No matter the age of the student, there is something to learn in witnessing the hatching process. Whether it’s a toddler in preschool or a senior in High School, the miracle of birth is always a fascinating moment. Heck! I’m 37 and I’ve hatched hundreds of chicks and I’m still learning and seeing new things in my incubators each spring.
I’m also happy to announce that I will be offering a curriculum to help teachers make the most of the hatching experience. It will guide you through the process and give you ideas for discussion in the classroom! Coming soon!
What Can Students Learn from the Hatching Process?
Hatching chicks can be as involved as you would like it to be for your class. It can be a simple experiment that is going on in the background of your normal classroom curriculum, or it can be a very involved experiment, focusing on biology, reproduction, anatomy, cell division, etc. It can also act as a hub in developing social skills such as working together to nurture the chicks, team building, organization, decision making, and leadership, (who’s in charge of what when it comes to hatching and care for the growing embryos). It is a wonderful example of hands-on learning in the classroom.
The amount of involvement also depends on the age of the students who are participating. You could have them write papers, practice using the scientific method (the outcome of a hypothesis, theory, outcome etc.) It’s a great subject for observation journals with illustrations and charts, or for younger children you can do craft projects with feathers and construction paper. It’s a great topic for reports, essays, and art projects. It involves reproduction, anatomy, biology, cell division, and countless opportunities for related projects, reports, quizzes, essays, and art projects.
What is involved?
As a teacher who has never hatched chicks, you might be asking; what am I getting myself into? And it is true that there will have to be some planning, organizing, and forethought before you jump in.
It takes approximately 21 days for a chick to hatch so this will be at least a 21-day commitment for your classroom. Probably longer as it often takes 48 hours for a chick to completely hatch after the first break in the shell.
You will have to find hatching eggs. If you live in a rural farming community chances are a student at your school might be able to help you out. However, if you live in the city, you might have to find a breeder in your area, or have fertile eggs shipped to you.

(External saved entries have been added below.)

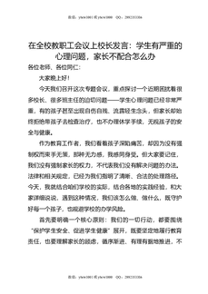在全校教职工会议上校长发言:学生有严重的心理问题,家长不配合怎么办.docx
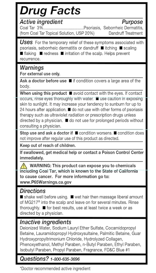 - MG217 Dandruff Coal Tar shampoo is therapuetic and medicated dandruff shampoo that soothes, repairs and protects hair
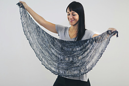 Storm uses just one skein of precious fingering weight yarn. It features dramatic dropped stitches and short rows that give this pattern a de-constructed look while also giving you a bigger shawl with the same yardage.
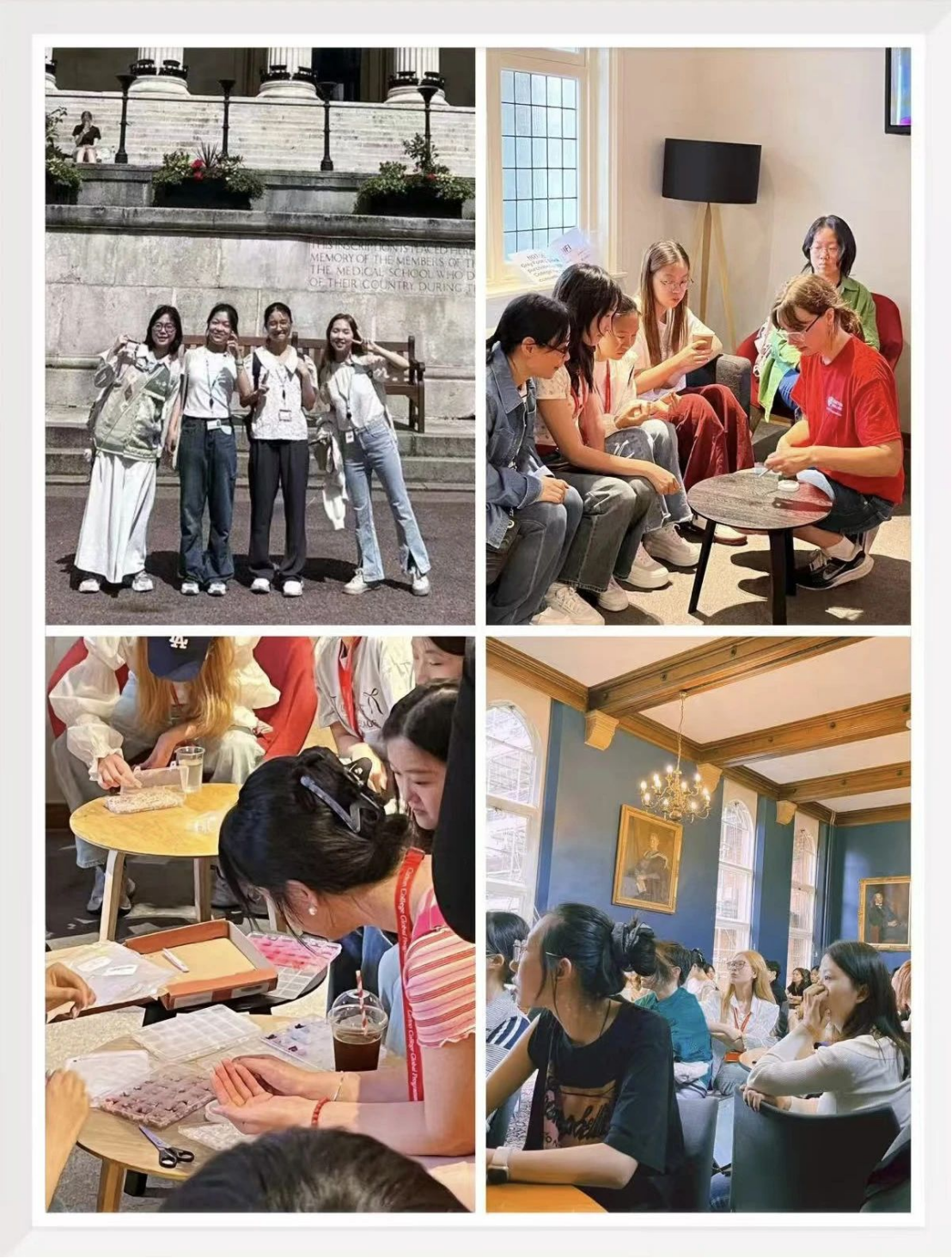 本次海外游学实践以“互学互鉴 交流传播”为宗旨,在英国剑桥和伦敦两个城市展开为期十四天的交流活动,从教育学习到生活日常,实践团深入剑桥大学感受英式教育课堂氛围的同时,也代表中国老员工团体与英国当地居民交流中国特色,传播中华文化。

You will also have to find a responsible home for the chicks once they’ve hatched.
You will have to set up the incubator keeping water and humidity at the appropriate levels. Weekend spans should be ok if water is added at the end of the day Friday, then first thing Monday morning. See my post Incubation Series Part 3: Choosing an Incubator, Setup and Collecting Eggs for more information on incubator humidity.
Eggs also need to be turned at the very least 3 times per day to stop the yolk from adhering to the shell. Because of this, I would highly recommend using an incubator with an automatic turning mechanism. Otherwise, someone will have to come in on the weekend and turn the eggs at least 3 times per day. I also don’t recommend transporting the eggs. In other words, having a student (or yourself) bring the incubator home to tend to the eggs over the weekend. Transporting eggs is dangerous to the chicks and you will get large fluctuations in temperature and humidity if the incubator is unplugged for travel…
Hatching eggs is a very safe activity, but proper hand washing for anyone who handles the eggs, incubator or chicks should be monitored.
Borrowing an incubator can help keep costs down. You can also find incubators at local farm stores or online.
Fertile hatching eggs
A local breeder might be able to help you out. Check animal classifieds online. Facebook has some groups that sell eggs. You can also order hatching eggs from online hatcheries and they will mail them to you.
To see the growth of the chick through the shell. A basic candler can be made from a flashlight, paper towel tube, and a dark room. Darken the room, set the egg on the paper tube and shine the light through the other end focusing the light toward the egg. This will give you a silhouette view of what happening inside the egg. Learn more at Incubation Series Part 4: The Long Wait, Candling and Hatching Day
(Where the chicks live after they’ve hatched) If someone is taking the chicks within a day of them hatching, then you won’t need a brooder. But if you plan on keeping the chicks in the classroom then you will need to set up a temperature controlled box. See post Setting Up Your Brooder for more information.
Hatching eggs stay viable for about 10-14 days after they’ve been laid by the chicken so you have a bit of wiggle room especially if you have to order them online and allow for shipping time.
You also don’t want your chicks to hatch on the weekend when school is out. I planning for your hatch on a Wednesday. That way you can add the higher humidity levels for lockdown on Monday. Lockdown is the last 2-3 days of incubation where the turning stops and the humidity goes up. You should not open the incubator after lockdown. It also gives you the rest of the week to allow for hatching and brooder set up and observation. Work backward 21 days in your calendar so you know what date to set the eggs in the incubator.
Tips for Success!
Using light colored eggs (like white shells) will help make it easy to see development in the candling process. Brown eggs can sometimes be hard to see through.
If you can, use an incubator with a large viewing window. There are models that are very observer friendly. This way you don’t have to open the incubator to see how the chicks are progressing.